Thisssss. Owning Singstar (especially Popworld) has made me totally love so many songs I should hate with a passion because the band's awful, but just hearing the specific song makes me grin like a nutter (I'm looking at _you_, McBusted's Obviously).


----------



## M&F (Sep 12, 2009)

Dannichu said:


> Thisssss. Owning Singstar (especially Popworld) has made me totally love so many songs I should hate with a passion because the band's awful, but just hearing the specific song makes me grin like a nutter (I'm looking at _you_, McBusted's Obviously).
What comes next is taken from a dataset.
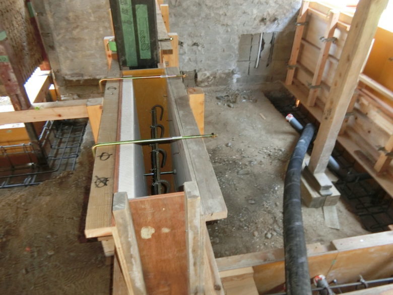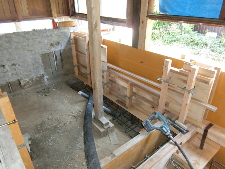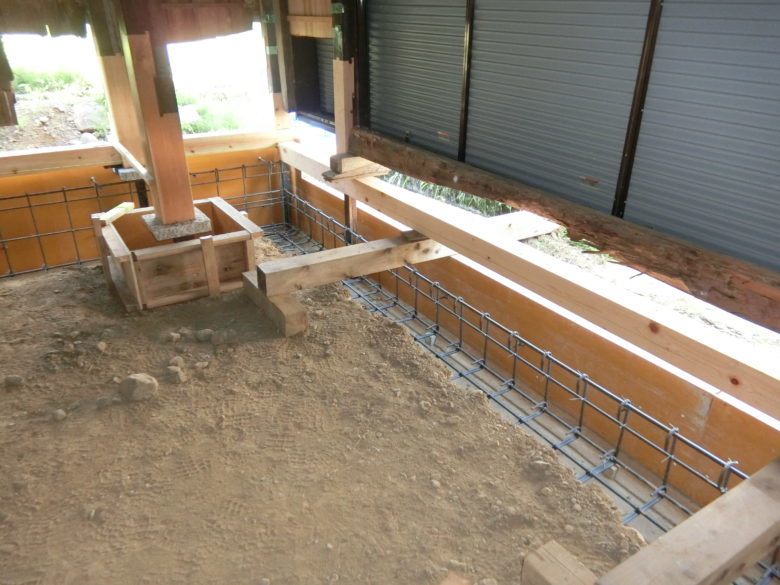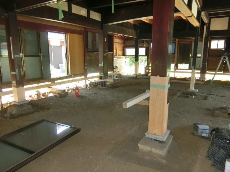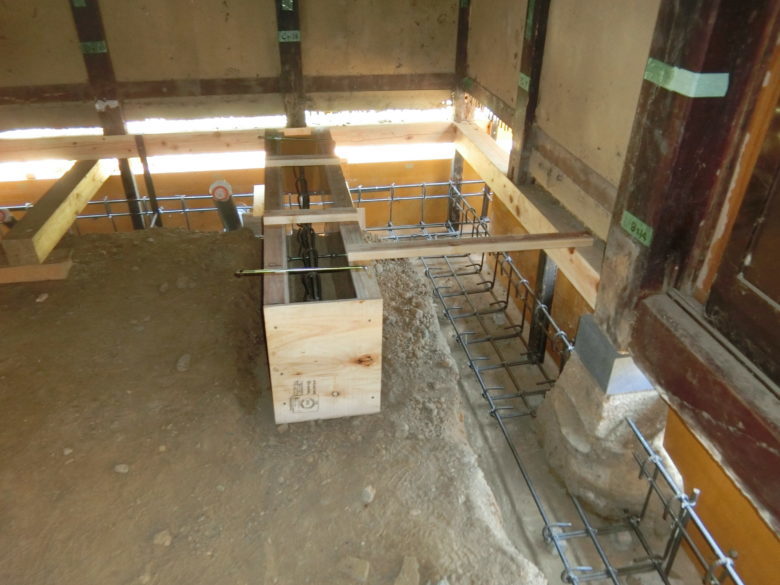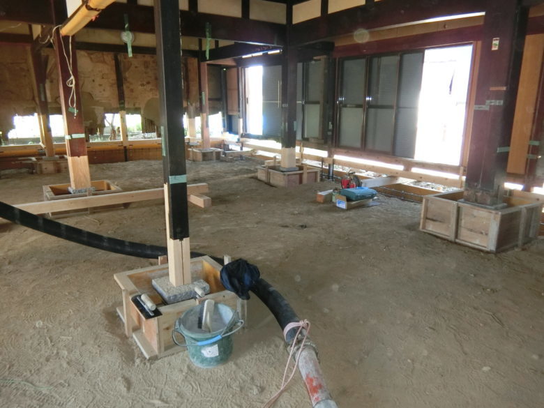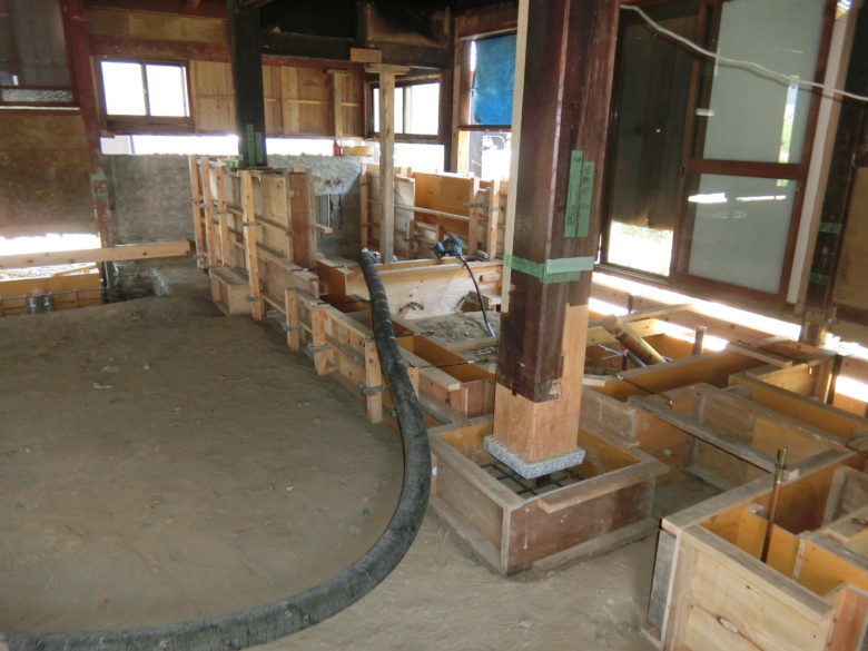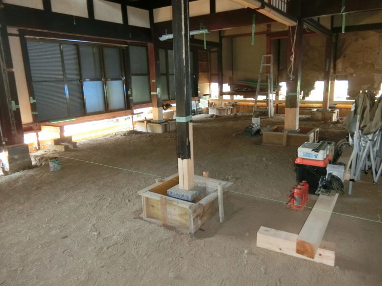 柱の根継ぎも完了し、独立基礎と延石基礎の下地が完成しました。

Similarly, I can stand Sk8er Boi, because of Elite Beat Agents.


----------



## goldenquagsire (Sep 17, 2009)

Blastoise said:


> SexyBack by Justin Timberlake is surprisingly catchy...


guilty as charged.

see also: Pussycat Doll's _Don't Cha_, Soulja Boy's _Crank That_ and 50 Cent's _In da Club_, amongst others. seriously, their stuff is normally shit and I absolutely hate them in every other respect... but these songs are so ridiculously catchy and just stick in the mind until you break down and cry in shame.


----------



## Lorem Ipsum (Sep 17, 2009)

we made you by eminem is so catchy I had to buy it


----------



## Ryan the Terrible (Sep 18, 2009)

Salamander said:


> "Nobody's Home" by Avril Lavigne


To be honest I love Avril Lavigne. :sweatdrop: Nobody's Home is my favorite song by her. :sunglasses:

Mine:

Closer - Lacuna Coil
Boom Boom Pow - The Black-Eyed Peas
Because of You - Nickelback
Nothing Else Matters - Metallica


----------



## glitchedgamer (Sep 19, 2009)

Hematophyte said:


> To be honest I love Avril Lavigne. :sweatdrop: Nobody's Home is my favorite song by her. :sunglasses:
> 
> Mine:
> 
> ...


YOU HATE METALLICA?? BLASPHEMY!...but I'll let you live 


Loosing My Religion - R.E.M.


----------



## foreign contaminant (Sep 19, 2009)

glitchedgamer said:


> YOU HATE METALLICA?? BLASPHEMY!...but I'll let you live
> 
> 
> Loosing My Religion - R.E.M.


YOU HATE R.E.M.?? BLASPHEMY!...but I'll let you live 

well.. i don't hate pink floyd in the slightest; i've just never "liked" them, as much as i've wanted to. that said, i _love_ "dogs".


----------



## glitchedgamer (Sep 19, 2009)

foreign contaminant said:


> YOU HATE R.E.M.?? BLASPHEMY!...but I'll let you live
> 
> well.. i don't hate pink floyd in the slightest; i've just never "liked" them, as much as i've wanted to. that said, i _love_ "dogs".


Well played, my friend. =P

What else...uh, Beat It by Michael Jackson. I don't hate MJ's music; it's just not my style. Beat It is just catchy as hell.


----------